Ok, this negative side effect of the un-macro-ifying still bothers me, so I tried 
to do something about it:

  1 file changed, 81 insertions(+), 172 deletions(-)

That's actually better than what we had before ba1c9f83f633, which did:

  3 files changed, 147 insertions(+), 70 deletions(-)

( Also consider that my patch adds new DocBook comments and only touches the 
  64-bit side, so if we do the same to the 32-bit header as well we'll gain even 
  more. )

But I don't think you'll like my solution: it requires twice as wide terminals to 
look at those particular functions...

The trick is to merge the C functions into a single line: this makes it look a bit 
weird, but it's still very readable (because the functions are simple), and, most 
importantly, the _differences_ are now easily visible.

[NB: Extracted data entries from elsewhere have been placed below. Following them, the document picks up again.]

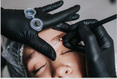
PhiBrows - Microblading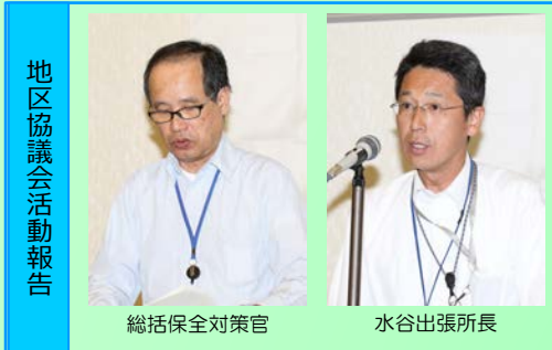
地区協議会活動報告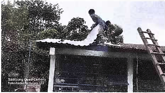
Foto No. 1, MODULO I Sustitución de laminas en mal estado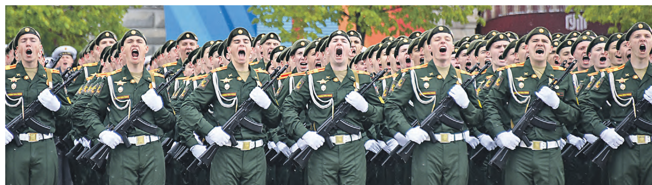
9 мая. Слушатели Военной академии сухопутных войск и Военной академии материально-технического обеспечения на Параде Победы.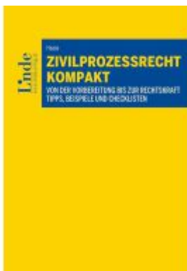
Zivilprozessrecht kompakt Ladenpreis: 30,00EUR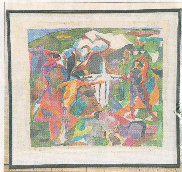
Et af Helle Thorborgs collagearbejder på kinesisk papir, hun selv bragte med hjem 1995. Det er tydeligvis Thy, og midt i billedet ses Freden som den hvide figur, der angribes fra alle sider.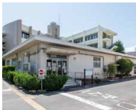
保健管理センター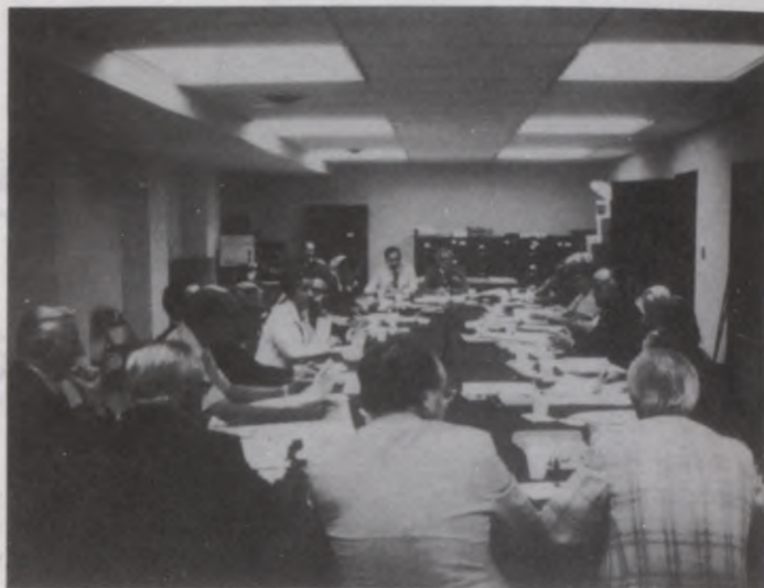
Uzņēmumā: ALA valde savā kārtējā sēdē Vaŗingtonā, D. C. 1977. g. 20. un 21. augustā.

Aizklātā balsoŗšanā no 10 par, 3 pret un vienam atturoties, ALA valde konstatē, ka Zinaīdas Lazdas Fonda Ziemeļkalifornijas nodaļai ir bijis galvenās valdes akcepts iestāties apvienībā un ka Kongresa rezolūcija izpildīta.

This is how that part looks like on my terminal:

 ... do { } while (!arch_atomic64_try_cmpxchg(v, &val, val & i)); return val; }
 ... do { } while (!arch_atomic64_try_cmpxchg(v, &val, val | i)); return val; }
 ... do { } while (!arch_atomic64_try_cmpxchg(v, &val, val ^ i)); return val; }
 ...
 ... { asm(LOCK_PREFIX "orq  %1,%0" : "+m" (v->counter) : "er" (i) : "memory"); }
 ... { asm(LOCK_PREFIX "xorq %1,%0" : "+m" (v->counter) : "er" (i) : "memory"); }
 ... { asm(LOCK_PREFIX "andq %1,%0" : "+m" (v->counter) : "er" (i) : "memory"); }

Which makes the '&|^' and orq/xorq/andq differences easily visible. I kept all 
those long lines at the end of the header, to make it easy not to look at it, 
unless someone wants to actively change or understand the code.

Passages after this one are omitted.